Please refer to FIGS. 10A and 10B, which are schematic diagrams of augmented reality images of different embodiments of a teaching or training system for microsurgery using an image penetrating technique according to the present invention. In this embodiment, the teaching or training system for microsurgery is configured with at least the aforementioned augmented reality image generation system, or is configured to perform the aforementioned augmented reality image generation method, the object system. The organism is microscopic and real one body or a tissue, or a model or a prosthetic model. In this embodiment, the object is an ontology, tissue, specimen or prosthetic model of the eye, brain, skin or bone of an animal or human, and is an ontology, tissue, specimen or prosthetic model of the eye, Microsurgery includes, but is not limited to, cataracts, retina, macula, or corneal surgery. In this embodiment, for example, having a false eye 1001, the processing module can be used as a cataract surgery according to at least the state of the object false eye 1001 and the operation or feature area 1002 (ie, the border of the eyeball plus the marking block above the eye). With the capsular-marked or immediately guided virtual object 1003, the operator can utilize a probe device with a prompting mechanism or a surgical or experimental actual instrument, such as a capsular sac 1004 or scissors, an electric burner, etc., by means of the system of the present invention Capsulotomy based on augmented reality images generated by lamination Teaching or training system.

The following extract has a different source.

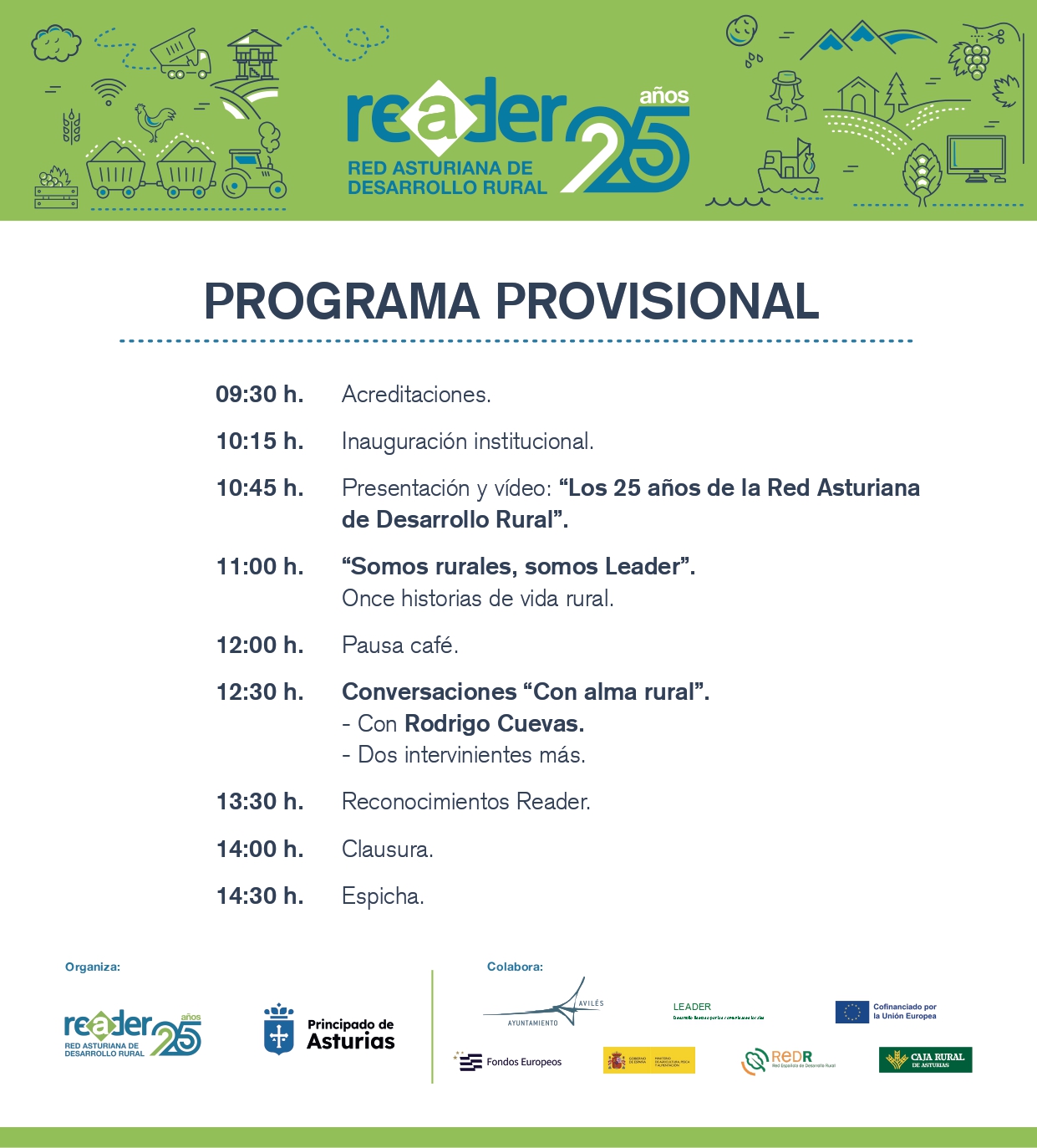 Avanzamos el programa provisional para el gran acto central del 26 de junio con motivo del 25 aniversario de la Red Asturiana de Desarrollo Rural el jueves 26 de junio desde las 09.30 horas en el Centro Niemeyer de Avilés. El evento contará con la presencia del presidente del Principado de Asturias, Adrián Barbón, mientras que el agitador folclórico Rodrigo Cuevas ya ha confirmado su participación para una conversación con alma rural:

The above-mentioned embodiments are only examples, and are not intended to limit the scope of the present invention; any simple or equivalent changes and modifications made without departing from the spirit and scope of the invention should still be included in the scope of the present invention. .

1‧‧‧Augmented Reality Image Generation System

11‧‧‧Computer host or portable electronic device

121‧‧‧ Objects

13‧‧‧ Positioning Module

131‧‧‧Operation platform

132‧‧‧Digital Micro Modules

133‧‧‧X-axis

14‧‧‧Single Chip Microcontroller Interface Module

151, 152‧‧‧ user control interface module

16‧‧‧Network

171, 172‧‧‧ display module

191, 192‧‧Augmented Reality Image

Claims (26)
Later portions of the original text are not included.